Shared responsibility

Ditto’s security model deliberately delegates parts of the trust boundary to the operator. These are not bugs, but each becomes a real risk if the deployment assumptions are not met — the sections below make those assumptions explicit and tell you how to satisfy them:

  • The gateway trusts a pre-authenticated header because it is meant to run behind a reverse proxy that sets and protects that header.
  • DevOps and status endpoints are protected by credentials that you are expected to change.
  • JSON Web Tokens are stateless, so a token remains valid until it expires unless you keep lifetimes short.

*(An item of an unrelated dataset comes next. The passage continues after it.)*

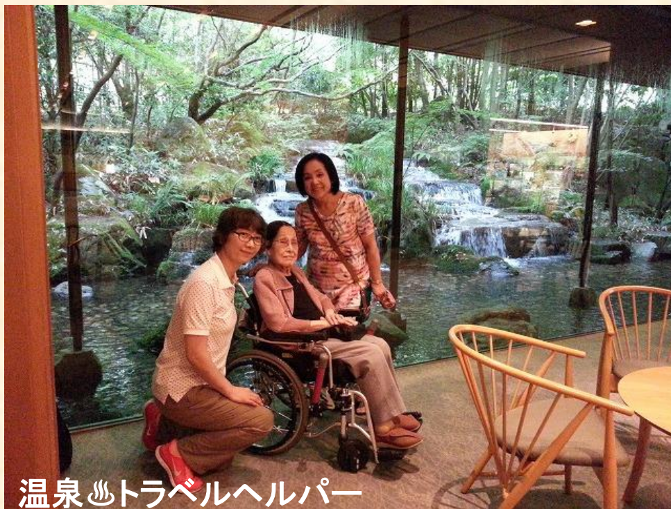
温泉 〰️ トラベルヘルパー

「あー楽しかった。また行きたいわ。今度はどこへ行こうかしらね」と、次のご旅行の期待が大きく膨らんでいっちゃいました。7年ぶりのお出かけに、すべてのものに目を輝かせて愉しまれていました。

Threat model in one paragraph

Ditto assumes a single, well-defined ingress that terminates TLS and over which every API caller is authenticated — either by a reverse proxy that owns the identity (pre-authentication) or by the gateway itself validating a JWT (OIDC). See section 1 for the two models. Everything inside the cluster is treated as trusted. If an attacker can reach the Ditto gateway with a spoofable pre-auth header, the DevOps endpoint, or the inter-service Pekko cluster without passing through that authenticated ingress, the model is broken. The checklist below is mostly about keeping that boundary intact.

Hardening checklist

  1. [ ] Trust boundary — pick one model (header-sanitising proxy with pre-authentication, or pre-authentication disabled with the gateway enforcing OIDC/JWT) and apply it consistently.
  2. [ ] Reverse proxy — if you use a proxy, authenticate every request, strip/overwrite the x-ditto-pre-authenticated header, and replace the sample nginx.htpasswd credentials (default user ditto).
  3. [ ] Network isolation — in Kubernetes, restrict pod-to-pod traffic with NetworkPolicy so only the ingress reaches the gateway, and the Pekko / DevOps / status ports stay internal.
  4. [ ] Authentication — prefer OpenID Connect (JWT) with short token lifetimes for end users; remember the client must refresh WebSocket tokens before expiry.
  5. [ ] DevOps & status endpoints — secure with OAuth2 (first choice, else rotated basic-auth secrets), keep them off public ingress, and keep secrets out of retrievable config.
  6. [ ] Error responses — keep production log and error verbosity appropriate (stack traces are already suppressed in API responses) and strip version/topology headers at the proxy.
  7. [ ] Policy design — follow least-privilege; use importable = never for entries that must never be shared and review WRITE on policy:/.
  8. [ ] Transport security — terminate TLS at the ingress and use TLS for MongoDB and connectivity targets.
  9. [ ] Rate limiting — enforce rate limiting at the proxy for /devops, /status, and the authenticated API (Ditto has no built-in brute-force protection).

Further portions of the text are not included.